* [Work to complete]:
Leave the pictures out and return every line below exactly.

* [Provided data]:
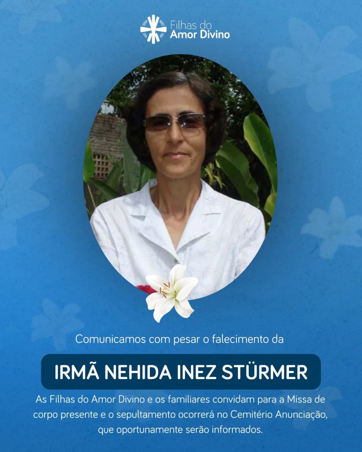 Irmã Nehida morreu após ser atropelada por uma motocicleta na manhã deste domingo (11), no km 6 da BR-050, em Araguari, no Triângulo Mineiro. A vítima foi identificada como Irmã Nehida Inês Stümer, da Congregação Filhas do Amor Divino da cidade de Davinópolis, pertencente a paróquia São José – Distrito de Santo Antônio do Rio Verde, Municipio de Catalão, e natural do Rio Grande do Sul.
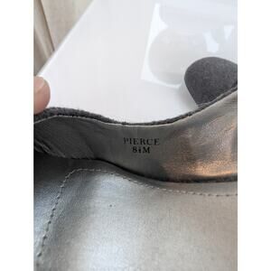 These Tahari “Pierce” slingback heels in size 8.5M are crafted in a heather gray felt-like textile upper with a soft metallic silver interior lining. Designed with a rounded toe and a sturdy 4" block heel, these shoes offer both comfort and sophistication. Ideal for office wear, formal events, or professional gatherings, they blend minimalist styling with a tailored, polished look.
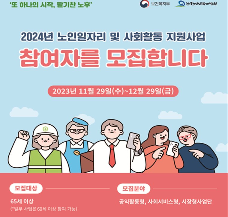 - 2024년 노인일자리 역대 최대 폭인 14.7만 개 확대한 103만 개 제공-

* [Result of this exercise]:
 Irmã Nehida morreu após ser atropelada por uma motocicleta na manhã deste domingo (11), no km 6 da BR-050, em Araguari, no Triângulo Mineiro. A vítima foi identificada como Irmã Nehida Inês Stümer, da Congregação Filhas do Amor Divino da cidade de Davinópolis, pertencente a paróquia São José – Distrito de Santo Antônio do Rio Verde, Municipio de Catalão, e natural do Rio Grande do Sul.
 These Tahari “Pierce” slingback heels in size 8.5M are crafted in a heather gray felt-like textile upper with a soft metallic silver interior lining. Designed with a rounded toe and a sturdy 4" block heel, these shoes offer both comfort and sophistication. Ideal for office wear, formal events, or professional gatherings, they blend minimalist styling with a tailored, polished look.
 - 2024년 노인일자리 역대 최대 폭인 14.7만 개 확대한 103만 개 제공-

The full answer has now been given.